Boxers have no business getting in the ring if they are not fully prepared and in top condition to fight an opponent. Quickness, agility and hand-eye coordination are key factors in boxing and so is punching power. Boxers can build strength with many different exercises, including weight training, but building punching power is a different story. Boxers need to hit the heavy bag to become powerful punchers.
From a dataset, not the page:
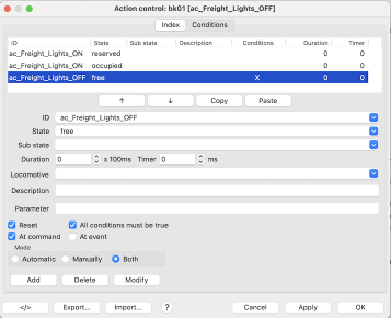Two actions are defined to switch the output "co_Freight_Lights" ON or OFF.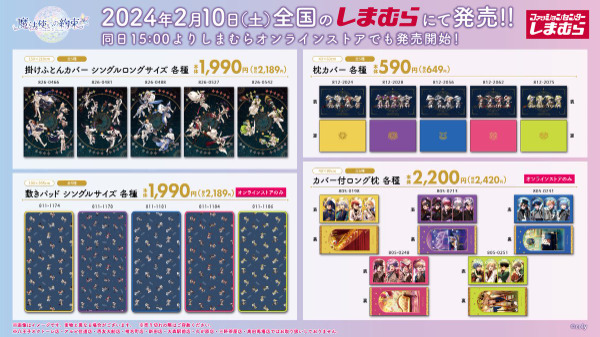 大人気ゲーム魔法使いの約束がしまむらとコラボ!揃えるとゲームの世界に浸れること間違いなしの掛けふとんカバーや枕カバーなどの寝具類、キャラクターを抱き抱えられるダイカットクッションなど豪華なラインナップ♡その他にもインテリアマットなど部屋の模様替えにも最適です!オンラインストアでも取扱いがあり、WEB限定の商品もあるのでお見逃しなく♪

The exercise also presents a dynamic cardiovascular workout.
Step 1
Punch the heavy bag for two two-minute rounds to build strength and endurance. The emphasis is on punching technique. When you are hitting the heavy bag you are trying to build punching power. This means you are using your entire body to deliver a punch and not just your fists and arms. Concentrate on throwing punches that start in your feet, go up through your legs and into your core muscles, then go through your arms and into your fists. While you are concentrating on throwing your punches with your full weight and strength behind it, you are also throwing punches in a rapid manner. Increase to four three-minute rounds once you get used hitting the heavy bag.
Step 2
Place your right foot at a 45-degree angle and make sure it is about 18 inches behind your left foot. Keep your right foot at that angle as you deliver a right-hand power punch. This will help you deliver a punch with maximum power and make it easier to deliver a punch that will stun your opponent.
Step 3
Work on intense interval training on the heavy bag. When you are doing your two-minute rounds, you are including movement skills in your training. However, in interval training you throw only 1-2 combinations in a nonstop manner. Start doing this for 30 seconds, then increase to 45 seconds and finally go one minute without stopping. This is a powerful and exhausting workout that will require a two-minute break before hitting the bag again. It is often called the punch-out drill.
Step 4
Mix in all your punches when working on the heavy bag. Throw your left jab, left hook, right cross, right hook and right uppercut at the bag. Once you get past the 30-second mark in this drill, you will have found your rhythm. At that point, eliminate the left jab and throw power punches. Try to throw them rapidly as if you are going after your opponent with a swarm of punches. Keep your form and discipline while throwing punches, making it a point not to leave yourself open for a counterattack.
Tips and Warnings
- Combine a heavy bag workout with the speed bag and jumping rope to increase your speed, quickness and hand-eye coordination as well as your punching power and endurance.
- Make a tight fist and follow-through as you hit the heavy bag to avoid hand and wrist injuries.